A.T.S. Melbourne, Inc. sought a writ of prohibition from this court to require the disqualification of a trial judge from further participation in a lawsuit pending in the Eighteenth Judicial Circuit.1 We find that the motion for disqualification, attached affidavits, and the excerpt from sworn testimony taken before the lower court at a hearing on the motion on May 17, 1985, were legally sufficient to require recusal of the trial judge in this case.

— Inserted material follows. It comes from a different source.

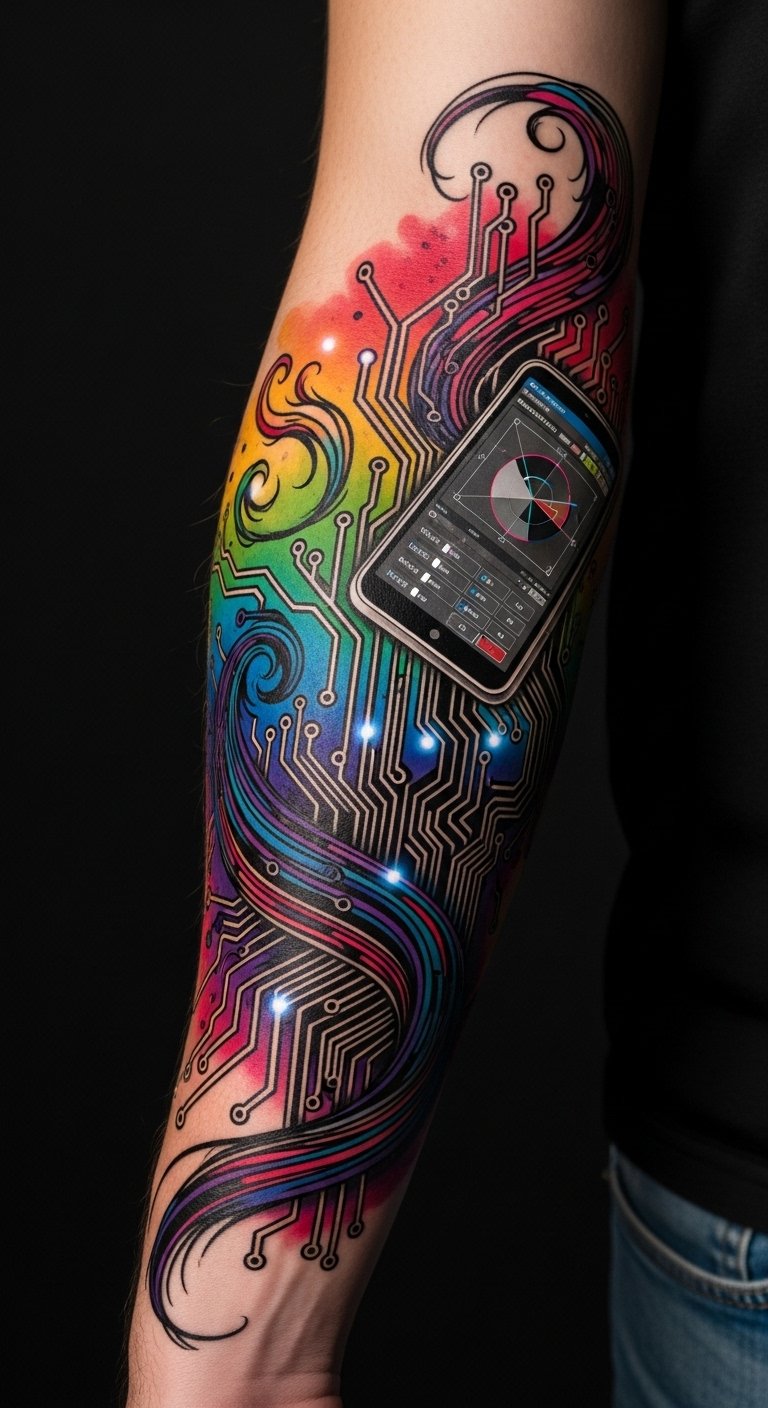 A biomechanical sleeve that merges circuit-like filigree, translucent holographic panels, and organic muscle-inspired shading—integrating miniature VR lenses and stylized avatar glyphs—designed to flow with the arm’s anatomy; symbolism: the circuitry and holographic elements represent the merging of digital identity and futuristic aesthetics, the VR lenses signify exploration and self-discovery, and the organic textures ground the piece in human experience; emotional tone: curious, assertive, and introspective, evoking empowerment through self-expression; placement: full arm sleeve (shoulder to wrist) with a focal cluster over the inner forearm for intimate viewing.

At the hearing, the trial judge denied the facts of an alleged ex parte communication, and his own ability to be impartial, although that matter was also disputed by petitioner. “When a judge has looked beyond the mere legal sufficiency of a suggestion of prejudice and attempted to refute the charges of partiality, he has then exceeded the proper scope of his inquiry, and on that basis alone established grounds for his disqualification.” Bundy v. Rudd, 366 So.2d 440, 442 (Fla.1978); Gieseke v. Moriarty, 471 So.2d 80 (Fla. 4th DCA 1985); Mangina v. Cornelius, 462 So.2d 602 (Fla. 5th DCA 1985); State ex rel. Zacke v. Woodson, 399 So.2d 7 (Fla. 5th DCA 1981); see R.P. Hewitt Associates v. Hunt, 411 So.2d 266 (Fla. 1st DCA 1982); State v. Testa, 414 So.2d 38 (Fla. 3rd DCA 1982).
Accordingly, we grant the writ of prohibition and remand this cause for further proceedings.
ISSUE WRIT; REMAND.
DAUKSCH, FRANK D. UPCHURCH, Jr., and SHARP, JJ., concur.. Case No. 85-1989-CA-D.